- **GIVEN DATA**
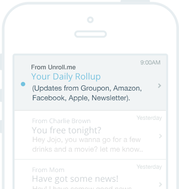 Learn moreAs a means of keeping our service free, Slice Technologies, which owns Unroll.Me, measures e-commerce through a technology that automatically recognizes commercial emails and extracts purchase information from them. Our technology is designed to ignore personal email, which does not help us measure market trends.
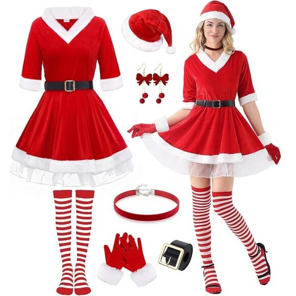 This set includes everything needed for a Mrs. Santa Claus costume: a red velvet dress, a Santa hat, a black belt, plush gloves, a choker necklace, red bow earrings and over-the-knee socks. Whether it's a Christmas party, a corporate event, a theme performance, a family gathering, or a Santa's nightgown night, this Christmas costume is the perfect choice.
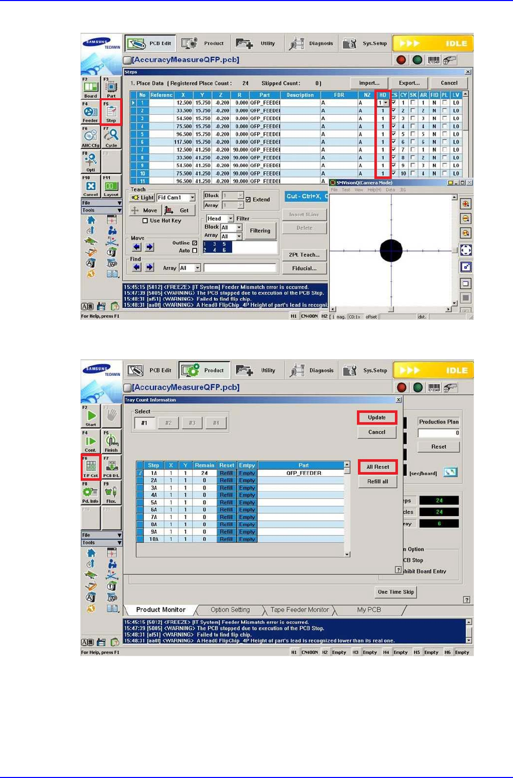 17. 点击<Product> → <T/F Cnt> → <All Reset>后,点击<Update>
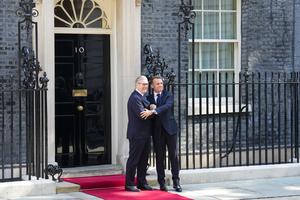 (250710) -- LONDRES, 10 julio, 2025 (Xinhua) -- El primer ministro británico, Keir Starmer (i), recibe al presidente francés, Emmanuel Macron, en el número 10 de Downing Street, en Londres, Reino Unido, el 10 de julio de 2025. Starmer dijo el jueves que Reino Unido y Francia firmaron un nuevo acuerdo para permitir que por primera vez los dos países coordinen su disuasión nuclear. (Xinhua/Wu Lu) (da) (ra) (vf)

- **WHAT IS NEEDED**
Having located the line with "This set includes", copy it exactly along with every later line through the end of the listing above, but omit the pictures.

- **FINISHED EXERCISE**
 This set includes everything needed for a Mrs. Santa Claus costume: a red velvet dress, a Santa hat, a black belt, plush gloves, a choker necklace, red bow earrings and over-the-knee socks. Whether it's a Christmas party, a corporate event, a theme performance, a family gathering, or a Santa's nightgown night, this Christmas costume is the perfect choice.
 17. 点击<Product> → <T/F Cnt> → <All Reset>后,点击<Update>
 (250710) -- LONDRES, 10 julio, 2025 (Xinhua) -- El primer ministro británico, Keir Starmer (i), recibe al presidente francés, Emmanuel Macron, en el número 10 de Downing Street, en Londres, Reino Unido, el 10 de julio de 2025. Starmer dijo el jueves que Reino Unido y Francia firmaron un nuevo acuerdo para permitir que por primera vez los dos países coordinen su disuasión nuclear. (Xinhua/Wu Lu) (da) (ra) (vf)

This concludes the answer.